Data supplied ::
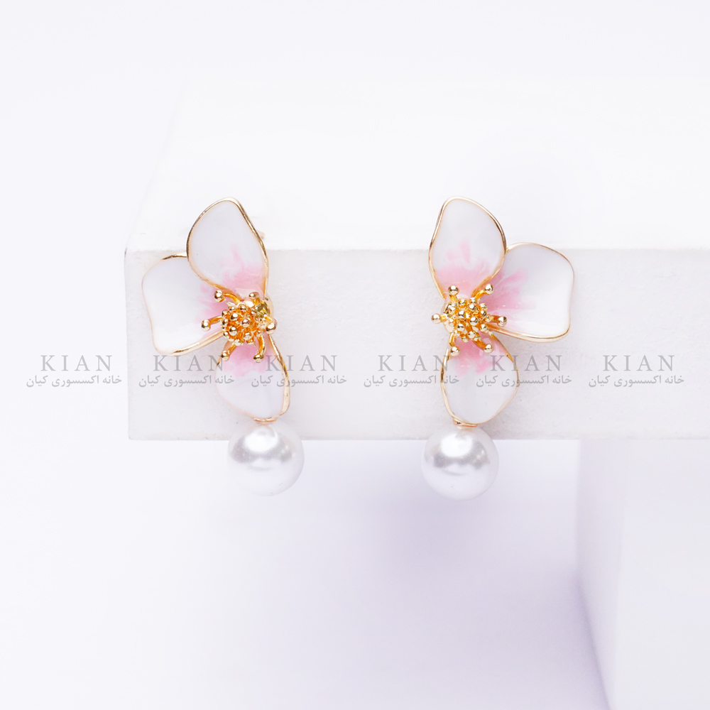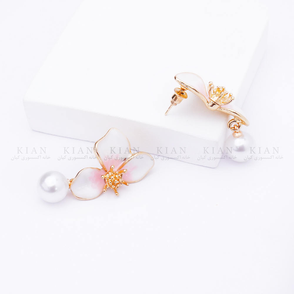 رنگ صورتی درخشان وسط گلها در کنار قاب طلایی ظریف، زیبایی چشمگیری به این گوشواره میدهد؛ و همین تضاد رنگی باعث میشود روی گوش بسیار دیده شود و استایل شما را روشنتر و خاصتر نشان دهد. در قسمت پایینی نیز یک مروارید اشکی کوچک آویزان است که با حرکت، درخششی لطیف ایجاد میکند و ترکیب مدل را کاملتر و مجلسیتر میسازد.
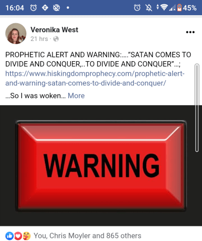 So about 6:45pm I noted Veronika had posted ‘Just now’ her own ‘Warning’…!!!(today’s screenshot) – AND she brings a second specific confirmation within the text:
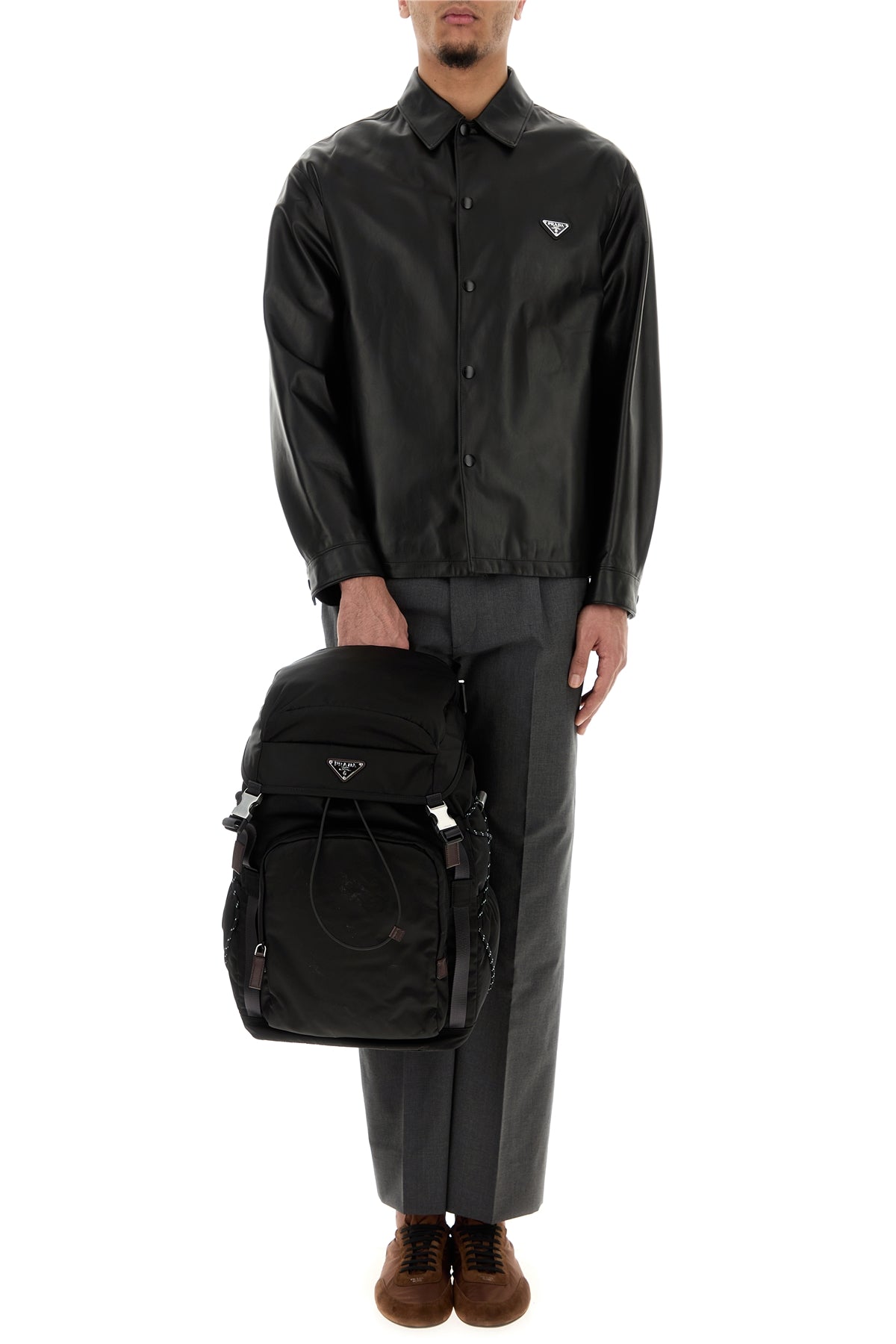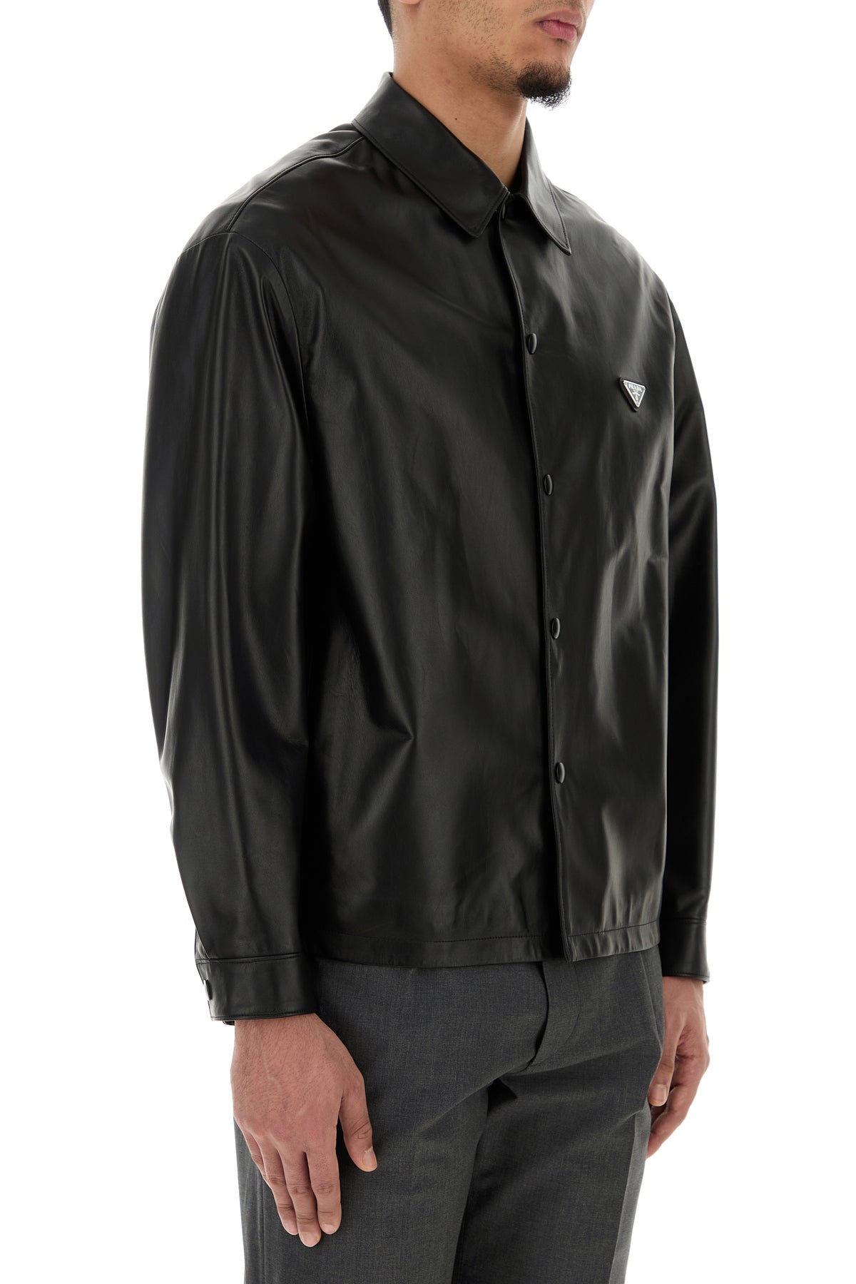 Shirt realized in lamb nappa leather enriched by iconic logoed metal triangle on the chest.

...

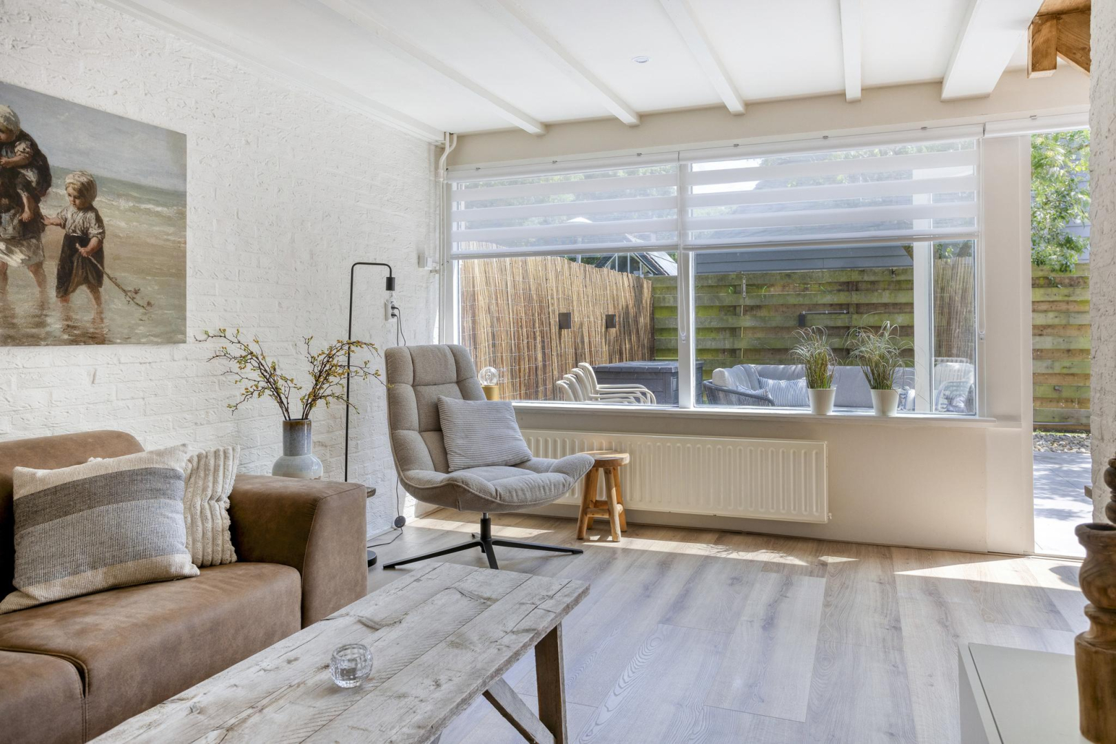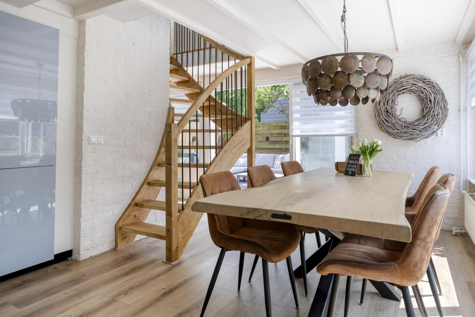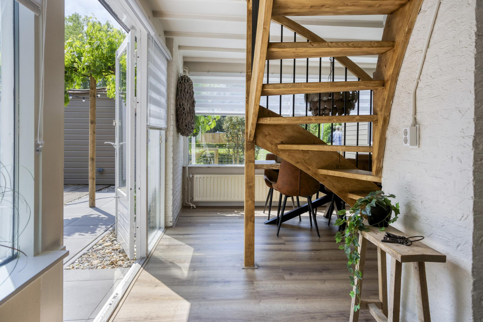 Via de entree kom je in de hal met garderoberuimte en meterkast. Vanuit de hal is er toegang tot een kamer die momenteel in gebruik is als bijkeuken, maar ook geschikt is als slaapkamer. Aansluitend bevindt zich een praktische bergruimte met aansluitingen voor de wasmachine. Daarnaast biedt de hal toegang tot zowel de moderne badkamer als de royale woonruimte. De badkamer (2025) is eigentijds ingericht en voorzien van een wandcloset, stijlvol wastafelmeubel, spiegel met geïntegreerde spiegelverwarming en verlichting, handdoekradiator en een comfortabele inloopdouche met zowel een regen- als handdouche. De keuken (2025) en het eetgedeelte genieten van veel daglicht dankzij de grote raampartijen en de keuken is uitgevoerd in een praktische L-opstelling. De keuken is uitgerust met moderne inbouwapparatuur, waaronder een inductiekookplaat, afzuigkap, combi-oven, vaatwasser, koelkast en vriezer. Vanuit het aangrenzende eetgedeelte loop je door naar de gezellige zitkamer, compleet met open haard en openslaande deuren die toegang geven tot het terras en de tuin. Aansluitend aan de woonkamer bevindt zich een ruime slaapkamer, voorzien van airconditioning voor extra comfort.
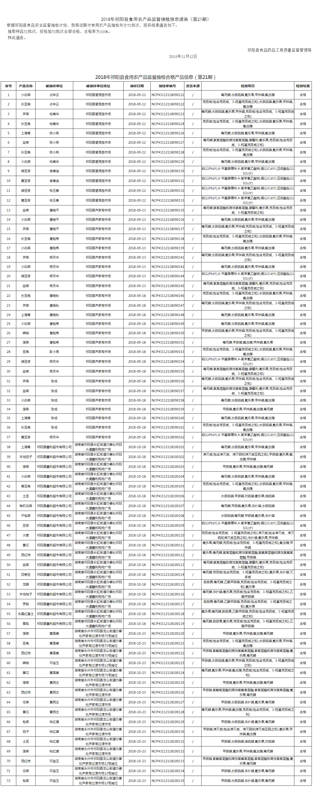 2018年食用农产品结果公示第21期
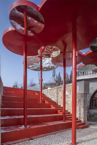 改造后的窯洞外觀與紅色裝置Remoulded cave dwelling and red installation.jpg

Exercise objective :: From the line holding "رنگ صورتی درخشان" to the line holding "So about 6:45pm", both included, retype the entries above exactly and drop the pictures.

Solution ::
 رنگ صورتی درخشان وسط گلها در کنار قاب طلایی ظریف، زیبایی چشمگیری به این گوشواره میدهد؛ و همین تضاد رنگی باعث میشود روی گوش بسیار دیده شود و استایل شما را روشنتر و خاصتر نشان دهد. در قسمت پایینی نیز یک مروارید اشکی کوچک آویزان است که با حرکت، درخششی لطیف ایجاد میکند و ترکیب مدل را کاملتر و مجلسیتر میسازد.
 So about 6:45pm I noted Veronika had posted ‘Just now’ her own ‘Warning’…!!!(today’s screenshot) – AND she brings a second specific confirmation within the text:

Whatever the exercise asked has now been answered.